* **Work instructions**
Scan the lines below for the string "mais" and copy every one that has it.

* **Exercise inputs**
☆ ☆ ☆ ☆

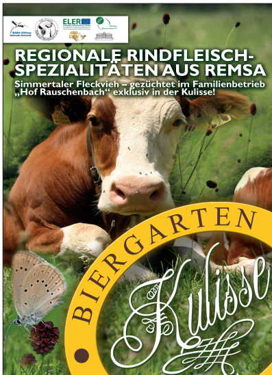
Abb. 7: Vermarktung des Fleisches der Pleißbeauenrinder über zwei Gaststätten mit Projekterläuterung in der Speisekarte (Foto: Mauritianum Altenburg).
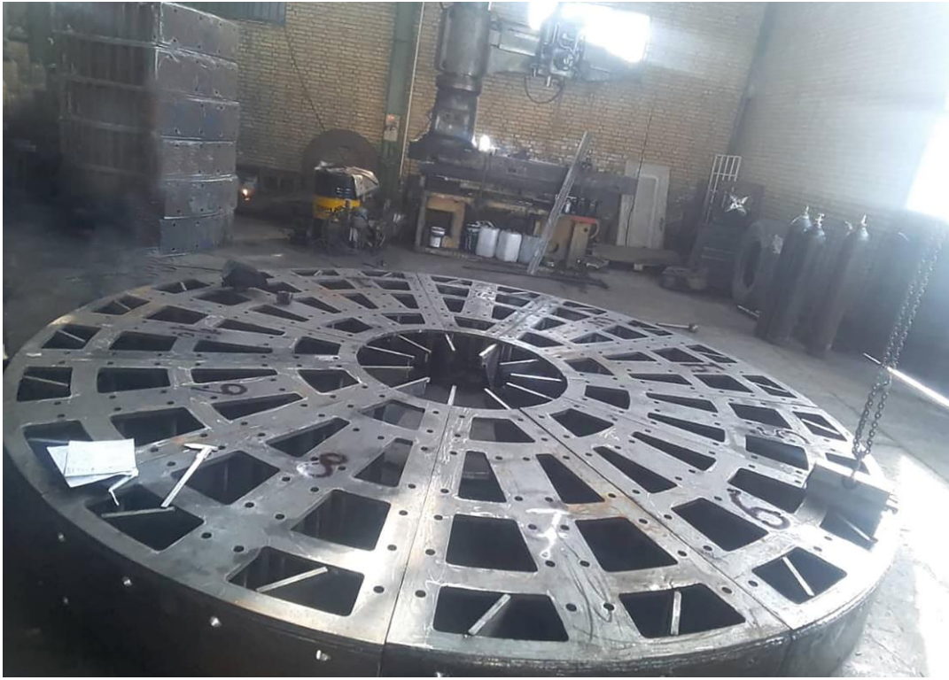
شاسی دیافراگم وسط آسیاب به قطر ۴۳۶۰ میلیمتر شرکت سیمان خاش
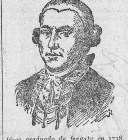
jérez graduado de fragata en 1738, y por sus grandes y apreciables servicios llegó a ser incorporado al cuerpo general de la Armada, llegando a capitán de fragata en 1762. En diferentes ocasiones venció a los piratas argelinos con fuerzas inferiores, siendo herido varias veces; por ello en 1769 fué ascendido a capitán de navío. Se distinguió en las costas del Mediterráneo por la activa persecución de los piratas, de los cuales rescató a muchos cristianos. En 1775 estuvo en la conquista de Argel, y en 1779 se le nombró comandante de las fuerzas navales destinadas al bloqueo de Jibraltar. Fué también jefe de la expedición naval que en agosto de 1783 atacó la plaza de Argel. Los achaques propios de la edad le obligaron a retirarse a su patria, en el que residió hasta su muerte.

29 de enero de 1797.—Muere en Palma de Mallorca el marino Antonio Barceló, nacido en la misma ciudad el 1 de octubre de 1717. Dedicado a la navegación, a los dieciocho años se le confió el mando de uno de los barcos que hacían la travesía entre las Baleares y la Península, y sostuvo con él más de una vez combate con los moros argelinos que infestaban las costas baleares. Esto le valió ser nombrado al-
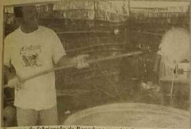
Processo de fabricação de Rapadura, um dos doces mais tradicionais.

A rapadura é um dos doces mais populares e consumidos do país há centenas de anos, para não deixar essa secular tradição brasileira se perder no tempo, a prefeitura municipal de Coacalzinho criou incenti-

☆ ☆ ☆ ☆

* **Answer for this exercise**
Processo de fabricação de Rapadura, um dos doces mais tradicionais.
A rapadura é um dos doces mais populares e consumidos do país há centenas de anos, para não deixar essa secular tradição brasileira se perder no tempo, a prefeitura municipal de Coacalzinho criou incenti-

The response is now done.